Lastly, one cannot remain silent about the importance that Jerome gave to the matter of Christian pedagogy (cf. Epp. 107; 128). He proposed to form "one soul that must become the temple of the Lord" (Ep. 107, 4), a "very precious gem" in the eyes of God (Ep. 107, 13).

With profound intuition he advises to preserve oneself from evil and from the occasions of sin, and to exclude equivocal or dissipating friendships (cf. Ep. 107, 4, 8-9; also Ep. 128, 3-4).

Above all, he exhorts parents to create a serene and joyful environment around their children, to stimulate them to study and work also through praise and emulation (cf. Epp. 107, 4; 128, 1), encouraging them to overcome difficulties, foster good habits and avoid picking up bad habits, so that, and here he cites a phrase of Publius Siro which he heard at school: "it will be difficult for you to correct those things to which you are quietly habituating yourself" (Ep. 107, 8).

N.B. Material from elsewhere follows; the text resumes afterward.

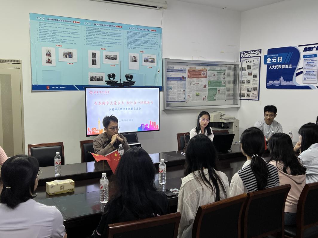 研学旅程的最后一站,大家来到了青浦区金云村村委会,和小说狂人 选调生校友鲁梦洁、复旦大学选调生周晓萌开展了一场朋辈交流会。两位学长分享了他们在平日里在基层的工作内容与生活细节,包括与村民们的沟通交流、体察民情、改善民生。随后,两位学长也围绕备考经验、驻村心得等进行深入探讨,为大家提供了自己的经验和建议,解答了大家对于选调生考试的诸多疑问。

Parents are the principal educators of their children, the first teachers of life. With great clarity Jerome, addressing a young girl's mother and then mentioning her father, admonishes, almost expressing a fundamental duty of every human creature who comes into existence: "May she find in you her teacher, and may she look to you with the inexperienced wonder of childhood. Neither in you, nor in her father should she ever see behaviour that could lead to sin, as it could be copied. Remember that... you can educate her more by example than with words" (Ep. 107, 9).

Among Jerome's principal intuitions as a pedagogue, one must emphasize the importance he attributed to a healthy and integral education beginning from early childhood, with the particular responsibility belonging to parents, the urgency for a serious moral and religious formation and the duty to study for a complete human formation.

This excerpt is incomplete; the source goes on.